Марджори Иток - Рассвет на закате
— Я думаю, что вы теперь понимаете, что процесс остановлен.
— Или приостановлен.
— Нет. Остановлен.
Но Тони смотрел мимо Бентона Бонфорда, словно его здесь и не было, и сказал, обращаясь непосредственно к Элинор:
— Мне предложили присоединиться к «Сотбис». Я хочу, чтобы вы были со мной, Элинор. Вы знаете, что я нуждаюсь в вас. Поразмыслите, дорогая. Ведь вы живете в одной вселенной со мной, а не с этим ковбоем на тракторе.
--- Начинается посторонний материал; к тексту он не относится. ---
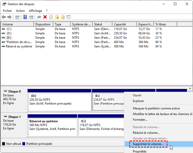 3. Faites un clic droit sur chaque partition (volume) du disque et choisissez Supprimer le volume. Répétez jusqu'à ce que le disque apparaisse entièrement comme "Non alloué".
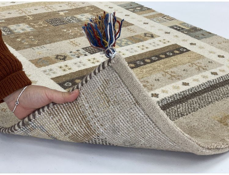 イランの遊牧民の手で織られるラグで、色づかいやユニークな文様が特徴です。

Внезапно Джилл подняла голову; она посмотрела на Тони, широко распахнув глаза. И грубо сказала:
— Однако.
Энтони спокойно ответил, не отводя глаз от женщины, стоявшей в другом углу комнаты:
— Элинор понимает.
Странно, но Элинор действительно понимала его. И еще она верила его словам — Тони действительно думал, что она нужна ему. И еще, вероятно, — усмехнулась она, к собственному изумлению, — он понял, что хочет ее.
Она очень тихо и спокойно произнесла:
— Тони, послушайте.
— Дорогая, когда я вас не слушал?
— Да никогда. А особенно когда голова ваша занята другим. И теперь вы тоже ведете себя, как осел. Слушайте меня, черт возьми. — Тони пожал плечами. Она сказала: — Вчера, в мой день рождения, Бен вручил мне Пикассо.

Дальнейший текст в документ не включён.